January 10, 2003, Newsletter Issue #107: Dressage Tips

Tip of the Week

What is Longitudinal Balance, and how to develop it in the horse?

Longitudinal Balance is the horse`s balance as it relates to the fore and rear quarters. How the horse engages the rear quarters in development and utilization of the rear in order to provide impulsion, that is required for any forward movement, for any and all disciplines.

Longitudinal Balance is referred to how the horse engages his rear quarters and to what degree he extends his forequarters to receive the rear power or impulsion.

Ideally, every horse should be equal in fore and rear longitudinal balance in movement, of all gaits. The Longitudinal Balance is probably the most difficult to develop in all Breeds of Horse, and in each individual horse.

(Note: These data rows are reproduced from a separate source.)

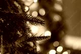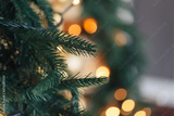 Christmas background, green pine branches festive background. Creative composition with border and copy space. New year decoration with bokeh lights from light bulbs
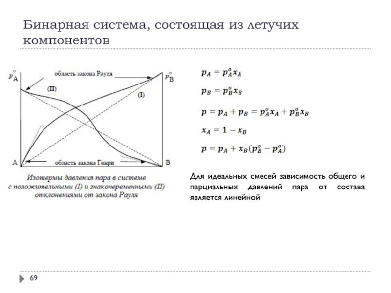 Слайд 69Бинарная система, состоящая из летучих компонентов
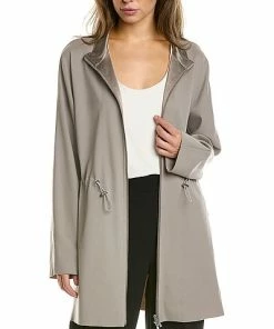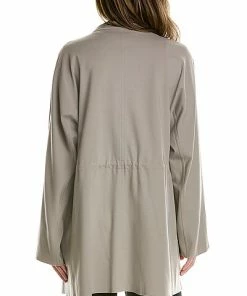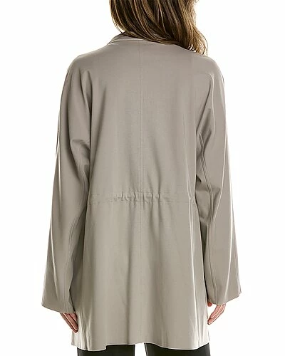 - Lovetta Jacket in osprey with stand-up collar, drawcord waistband, dual front zip pockets, and raw edge trim

Although it is best to strive for perfection, also realize and understand that it is almost impossible to achieve. This is due to mental ability, conformation, and availability of arena, and Coach/Rider in the development of each particular horse in its particular ability.

The beginnings of the development of longitudinal balance is in use of up and down transitions: such as walk--trot--walk--canter--halt--walk--trot--collected walk--extended canter--collected trot--(I think you understand the use!??)

Start with ten (10) strides at each gait, then after a few weeks of practice, shorten to 7 strides, after a few more weeks, shorten to 5 strides at each gait, then 3 and eventually down to 2 strides. This should take place over a minimum of six months of time in frame of the reduction of strides.

And, always remember, once the horse is showing frustration, or reluctance, then move on to extended movements, performed at only one gait several revolutions of the entire arena, while staying on track.

Don`t burn out the mind of your horse with these up and down transitions, or you will burn out your horse from wanting to learn and develop more balance, perhaps only with you.